Biochemist shares "powerful" sugar hack so you can still eat whatever you want without gaining fat

A health expert has revealed a "powerful" hack she claims can allow you to still eat whatever you want and love, without gaining excess fat. Speaking on Diary of a CEO podcast with host Steven Bartlett, biochemist and author Jessie Inchauspé explained a way people are able to eat what they like, while preventing glucose spikes.

When people eat food that raises their glucose levels, this leads to an increase of insulin, which tells the body to store sugar in the liver and in turn produce fat from any excess. But by altering the order you consume food to flatten your blood glucose levels, this can help prevent excess fat being stored in the body.

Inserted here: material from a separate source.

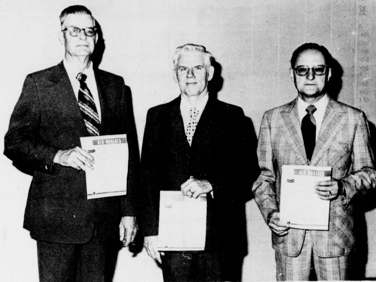
60 YEARS OF LIONISM—These three members of the Winters Lions Club have a total of 60 years in the club. They received certificates last Tuesday during the ladies night

FOR A FAVOR No. Would you favor a constitutional amendment or legislation banning the use of forced busing of school children for the purpose of achieving racial balance? AGAINST ENCONTRA ¿Apoyaria usted una enmienda constitucional o legislación que prohibiría el uso de transporte mandatorio de niños escolares con el propósito de lograr el equilibrio de las razas?

Inchauspé explains this in more detail on the podcast and discusses the importance of balancing one's blood sugar for optimal health. "When I was going really deep into all the science, I found all these conditions and symptoms linked to [glucose] spikes and found these amazing ways we can still eat everything we love, but without creating these spikes," she revealed.

When talking to Bartlett about her hack, which involves 'eating food in the right order', she said: "Next time you're faced with a meal, there's something amazing you should know. If you eat the ingredients in the meal in specific order, you can reduce the glucose spike of that meal by up to 75 per cent - without changing how much you're eating or what you're eating.

"Just the order has a massive impact on your glucose. So you can eat the same meal, but with way less spikes and consequences."

The founder of the Glucose Goddess movement continued: "The right order is, veggies first, proteins and fats second, and starches and sugars last." After bringing up the point of how some restaurants bring bread to the table as an appetiser, she stressed: "It's so important to avoid having the bread first because bread is a starch.

"And there are starches and sugars, and these are two things that turn into glucose when we digest them. So when we eat something that contains glucose on an empty stomach, the starch breaks down into glucose molecules in your stomach and then makes its way super quickly to your intestines and your blood stream because there's nothing stopping it.

"This increases the concentration and causes a spike. Now, if you start your meal with veggies instead... which contain fibre... when we eat it at the beginning of a meal, it does something absolutely amazing."

Inchauspé goes on to say that when fibre is eaten first, it makes its way from your stomach to your upper intestine and stays there and forms a "protective thick mesh". This mesh goes on to help reduce glucose spikes caused by foods, such as pasta, you eat later on by stopping sugar from making its way through the intestine and into your blood stream as quickly or as efficiently.

"As a result, you get a smaller spike," she explains. "You still ate the same food, just with some veggies first." The glucose experts says you can eat any vegetables, as long as they are consumed first - whether they be raw or cooked.

"And if you're somebody who suffers from cravings in the afternoon, I think this hack is a really powerful one to try out," she added.

As well as fibrous veggies, protein also slow down gastric emptying since is can stimulate a hormone in the body called glucagon-like-peptide 1 (or GLP1). When protein from your food is absorbed by cells in your intestines, it produces this hormone which slows down gastric emptying. The hormone also affects the pancreas where it helps produce insulin that soak up the glucose in your bloodstream.